What Is a Quadratic Equation and How Can We Spot One?

A quadratic equation is a special kind of math equation.

It looks like this:

$$ax^2 + bx + c = 0$$

In this equation, the letters $a$, $b$, and $c$ are numbers (but $a$ can't be zero), and $x$ is the variable we are trying to solve for.

The important part of a quadratic equation is the $ax^2$ term. Because it has $x$ raised to the power of 2, we call it a second-degree polynomial.

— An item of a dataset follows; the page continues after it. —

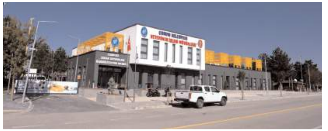
Sahipsiz Sokak Hayvanları Rehabilitasyon Merkezi, kentteki sokak hayvanlarının yanı sıra vahşi hayvanlara yönelik de sağlık hizmeti sunuyor.

How to Identify a Quadratic Equation

If you want to know if an equation is quadratic, look for these signs:

1. Look for $x^2$: Check if there is a term with $x$ raised to 2. If you find it, you probably have a quadratic equation.

2. Standard Form: See if you can rearrange the equation to look like $ax^2 + bx + c = 0$. The numbers $a$, $b$, and $c$ should be regular numbers, and $a$ can’t be zero.

3. No Higher Powers: Make sure there aren’t any terms with $x$ raised to a power greater than 2. For example, the equation $3x^3 + 2x + 1 = 0$ is not quadratic because of the $x^3$ part.

Examples of Quadratic Equations:

• The equation $2x^2 + 3x - 5 = 0$ is quadratic because it fits the form. Here, $a = 2$, $b = 3$, and $c = -5$.

• The equation $x^2 - 4 = 0$ is also quadratic. In this case, $a = 1$, $b = 0$, and $c = -4$.

Non-Examples:

• The equation $x^3 + 2x = 0$ is not quadratic because it has the $x^3$ term.

• The equation $y - 2 = 0$ isn’t quadratic either, because it does not have an $x^2$ term.

Understanding quadratic equations is important! You will find them often in math and in real life, like in science and money matters.